Vikings Season 3: What Most People Get Wrong About Ragnar's Best Year

Vikings Season 3: What Most People Get Wrong About Ragnar's Best Year

Honestly, if you ask a die-hard fan when the show actually peaked, they aren’t going to point at the later seasons with the massive CGI armies. They’ll point to Vikings season 3. This was the year Michael Hirst basically decided to set the world on fire. We saw the transition from a show about small-town boat builders to a sprawling epic that took on the walls of Paris. But looking back, there is so much more going on beneath the surface of those ten episodes than just "Vikings hit things with axes."

Most people remember the "coffin trick." It’s iconic. Ragnar Lothbrok, played with that weird, magnetic twitchiness by Travis Fimmel, faking his own death to get inside the gates of Paris. It’s a legendary moment. But you’ve gotta realize that by the time we reached that finale, the show had fundamentally changed. It wasn't just about raiding anymore; it was about the slow, painful rot of a man’s soul.

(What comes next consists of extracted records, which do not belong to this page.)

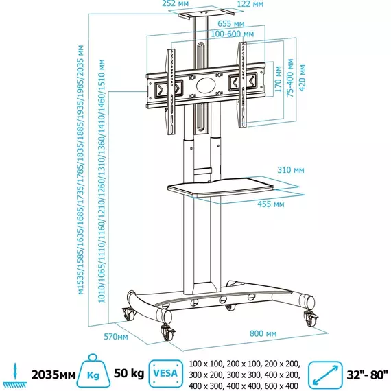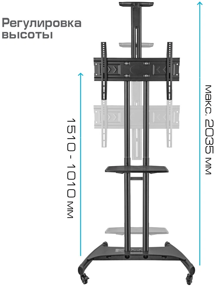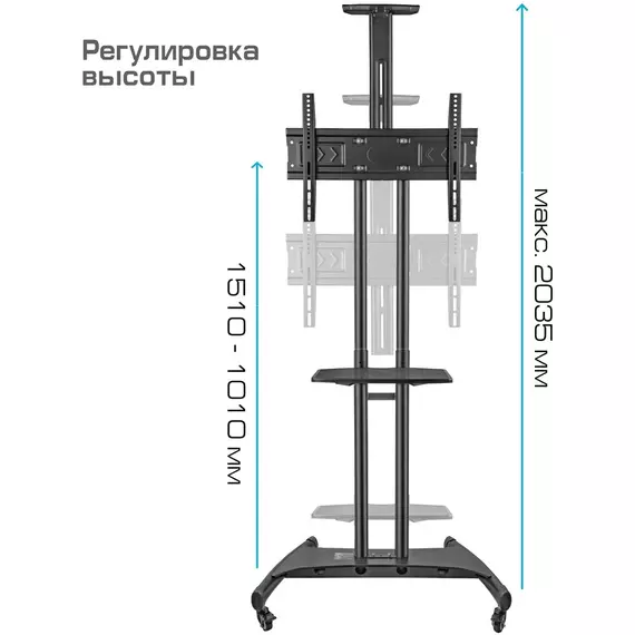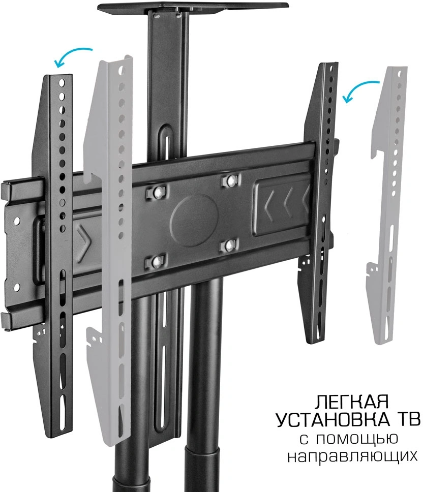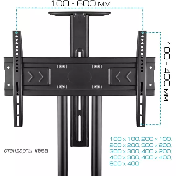 | Особенности | Универсальная система крепления для любого телевизора с посадочными отверстиями по горизонтали от 100 мм до 600 мм, по вертикали от 100 мм до 400 мм, Надежная стальная конструкция, Регулируемая высота до 2035 мм, Кабель канал удобная прокладка соединительных кабелей внутри штанги |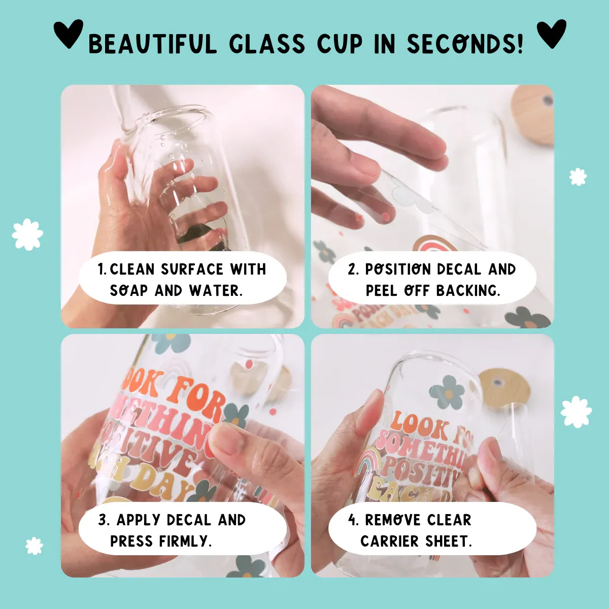 1. 16oz கண்ணாடி கப் மேற்பரப்பு சுத்தமாகவும், உலர்ந்ததாகவும், எண்ணெய் இல்லாததாகவும் இருப்பதை உறுதிசெய்து, தூசி, நீர் கறை அல்லது கிரீஸ் ஆகியவற்றை அகற்ற ஆல்கஹால் பேட்கள் அல்லது பஞ்சு இல்லாத துணியால் மெதுவாக துடைக்கவும்.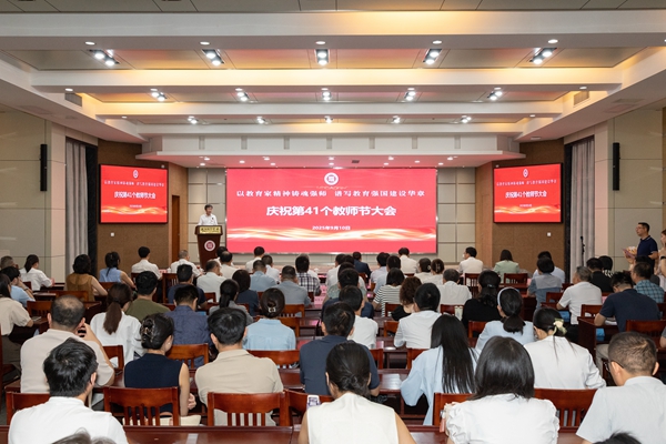 校党委书记许慧霞向为学校发展倾注心血的从教30周年教师致以崇高敬意,向加入湖师大家庭的新教师们表示热烈欢迎,向辛勤耕耘在教育教学、科研服务一线的全体教职工致以节日的诚挚问候。许慧霞传达了全市教育强市建设大会精神,她强调,要聚焦师道有承、群众有感、均衡有质、赋能有力,加快推进教育科技人才一体贯通,为创新湖州建设注入强劲动能;要以教育家精神为引领,推动广大教师持续涵养忠诚的职业品格、深厚的教育情怀、敏锐的洞察能力、过硬的教学水平、优良的师德师风;要加强内涵式发展,切实提升学校办学水平和质量,更好赋能湖州经济社会高质量发展。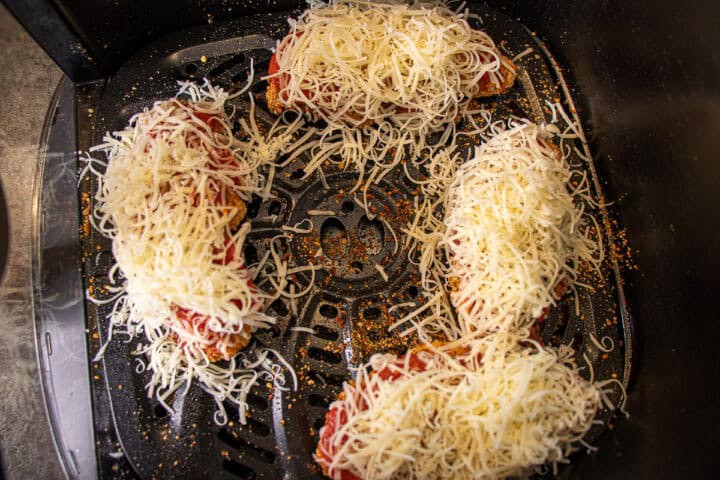 Once the chicken is cooked, go ahead and spread about ¼ cup of marinara sauce on top of each chicken breast. Then, sprinkle ½ ounce of mozzarella cheese on each chicken breast. Pop them in the air fryer or bake them until the cheese is all nicely melted.
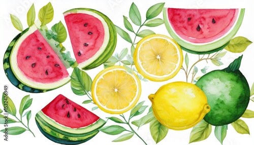 watercolor seamless of lemon citrus watermelon and lime with leaves isolated on white background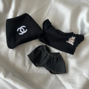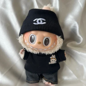Labubu Streetwear Fashion Set – Black Designer Beanie & Denim Outfit (17cm)

The Wessex Betrayal: More Than Just Farming

The season kicks off with a promise. King Ecbert (Linus Roache) tells Ragnar he can have his land in Wessex. All he has to do is fight a war for Princess Kwenthrith. Typical medieval politics, right? Ragnar agrees because, at his core, he wants to be a farmer. He says it to Bjorn constantly: "I never wanted to be king."

But the alliance is basically built on sand. While Ragnar and Lagertha are out there doing the dirty work, Ecbert is playing the long game. The chemistry between Ecbert and Lagertha (Katheryn Winnick) is one of the weirdest, most interesting parts of the season. They’re two of a kind—ambitious, ruthless, and totally isolated by their own power.

The real gut-punch, though, is the fate of the settlement. As soon as the Vikings leave, Aethelwulf—Ecbert's son—slaughters every single Norse settler. Men, women, children. Gone. The "dream" of the Viking farmer dies right there in the mud of England. What’s wild is that Ragnar finds out, and he hides it. He kills the messenger to keep the secret. That is the moment Ragnar stops being a hero and starts becoming a ghost.

Why Athelstan’s Death Ruined Everything

Let’s talk about Athelstan. George Blagden’s monk was the heart of the show. His friendship with Ragnar was the only "pure" thing in a world of mud and blood. When Floki (Gustaf Skarsgård) kills him in episode six, "Born Again," it basically breaks the series.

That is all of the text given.